Putting it all together
Now let's see how to actually use our neural network classes to solve a real problem. We'll train it to learn the sine wave function, a classic example that shows how neural networks can approximate mathematical functions.
First, we create our neural network. We want it to take one input (the x value) and produce one output (the sine of x). We'll use a hidden layer with 4 neurons, this gives the network enough capacity to learn the sine wave without being too complex:
# 1 input -> 4 hidden neurons -> 1 output
network = NeuralNetwork([1, 4, 1])
Next, we need training data. We'll generate points along the sine wave from -π to π. For each x value, our target output will be sin(x). We create a list of tuples, where each tuple contains the input and the expected output:
import math
training_data = []
for i in range(100):
x = -math.pi + (2 * math.pi * i / 99)
y = math.sin(x)
training_data.append(([x], [y]))
Now comes the training. We'll train for 1000 epochs (complete passes through our data) with a learning rate of 0.01. During each epoch, we show the network all our training examples and let it adjust its weights and biases:
print("Training neural network...")
for epoch in range(1000):
network.train(0.01, training_data)
if epoch % 100 == 0:
test_points = [-math.pi, -math.pi/2, 0, math.pi/2, math.pi]
total_error = 0
for x in test_points:
predicted = network.infer([x])[0]
actual = math.sin(x)
error = abs(predicted - actual)
total_error += error
avg_error = total_error / len(test_points)
print(f"Epoch {epoch}: Average error = {avg_error:.6f}")
After training, let's see how well our network performs:
print("\nFinal predictions:")
test_points = [-math.pi, -math.pi/2, 0, math.pi/2, math.pi]
for x in test_points:
predicted = network.infer([x])[0]
actual = math.sin(x)
print(f"sin({x:.2f}) = {actual:.4f}, predicted = {predicted:.4f}")
Running this code, you'll see the error decrease over time as the network learns.
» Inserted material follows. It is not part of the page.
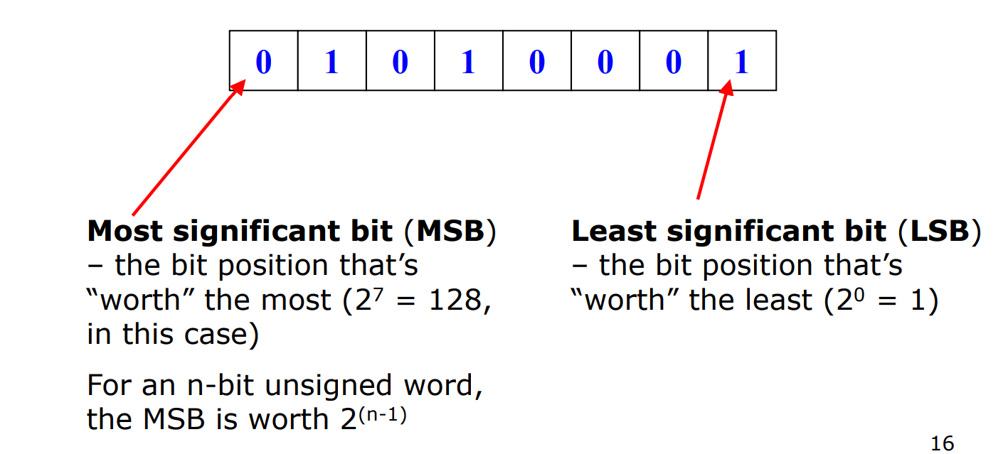 - The most significant bit is the position on the left that is ‘worth’ (in value) the most.

By the end, it should predict sine values quite accurately (maybe not perfectly), but close enough to show it understands the pattern of the sine wave.
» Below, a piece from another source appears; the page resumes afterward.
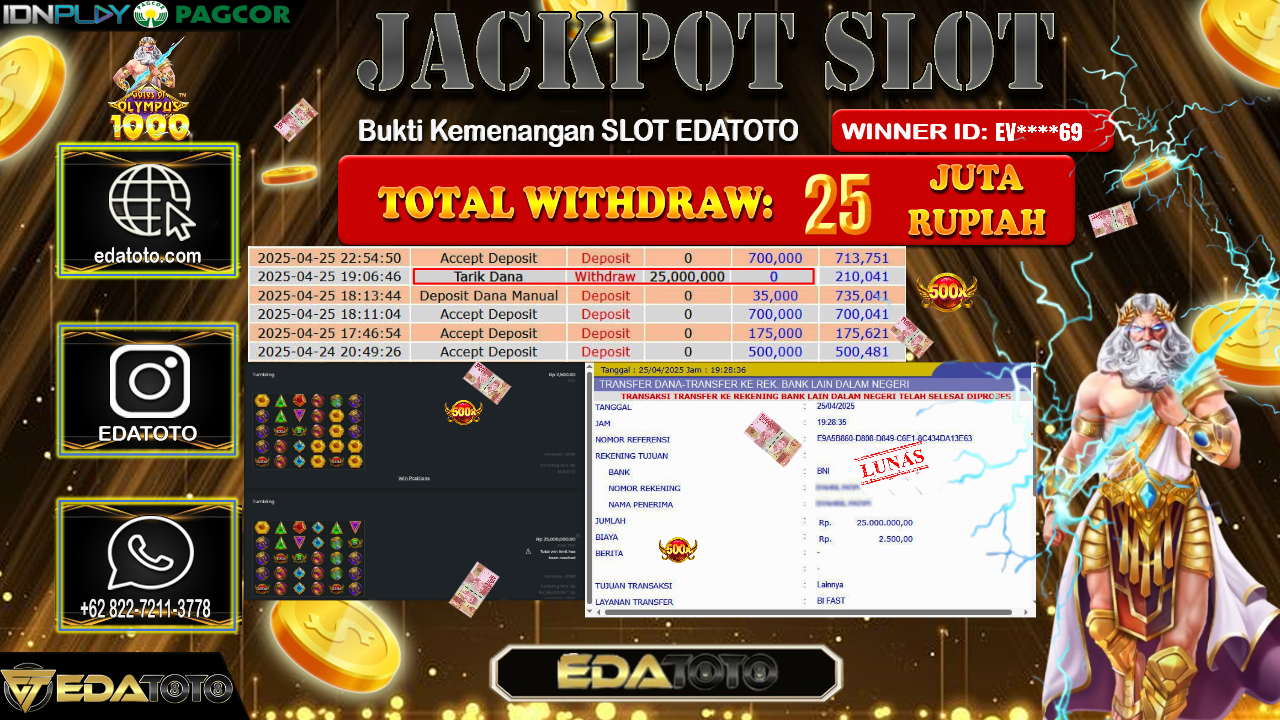 Selamat Kepada Pemilik user ID : EV****69 Hari/Tanggal : Sabtu / 26 , April 2025 Jackpot : Rp. 25.000.000 JT Permainan . . .

Below is the graph of the predictions of the neural network against the actual sine wave, when I ran the code.
Discussion
Our neural network implementation is embarrassingly simple, yet it can theoretically approximate many functions given enough neurons. What's fascinating is how little we actually need to understand to build something that works. We don't need to deeply understand or know how all parameters interact, we just need to implement the network and a training algorithm. The network will figure out the rest through training.
This implementation here could be the foundation for something that recognizes images, translates languages, or plays games at superhuman levels. Not because it's particularly clever, but because it's a decent approximation of a very general computing pattern.